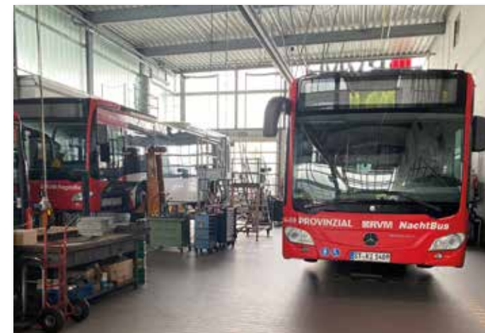
Blick in die Werkstatt der RVM Lüdinghausen.

grund. Auch konnte ein Blick in die Werkstatt am Betriebsgelände der RVM in Lüdinghausen geworfen werden. Am Nachmittag tra-
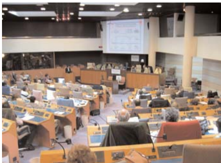
Initiative SDRIF dans l'hémicycle du Conseil régional

autres élu-e-s, de militant-e-s du mouvement syndical et associatif comme il le fait sur tous les dossiers qui appellent des choix lourds de politique publique. Il était aussi d'interroger un certain nombre des chercheurs ou professionnels qui font référence dans leur domaine sur leur façon de relier la lutte contre les inégalités et les enjeux qu'ils ont l'habitude de traiter, qu'il s'agisse de l'environnement, de l'em-
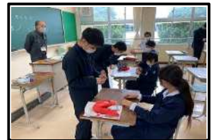
電子工作(工業部会)

··········

__The problem__.
If a line of the data contains "Blick", copy it out.

__Problem solution__.
Blick in die Werkstatt der RVM Lüdinghausen.
grund. Auch konnte ein Blick in die Werkstatt am Betriebsgelände der RVM in Lüdinghausen geworfen werden. Am Nachmittag tra-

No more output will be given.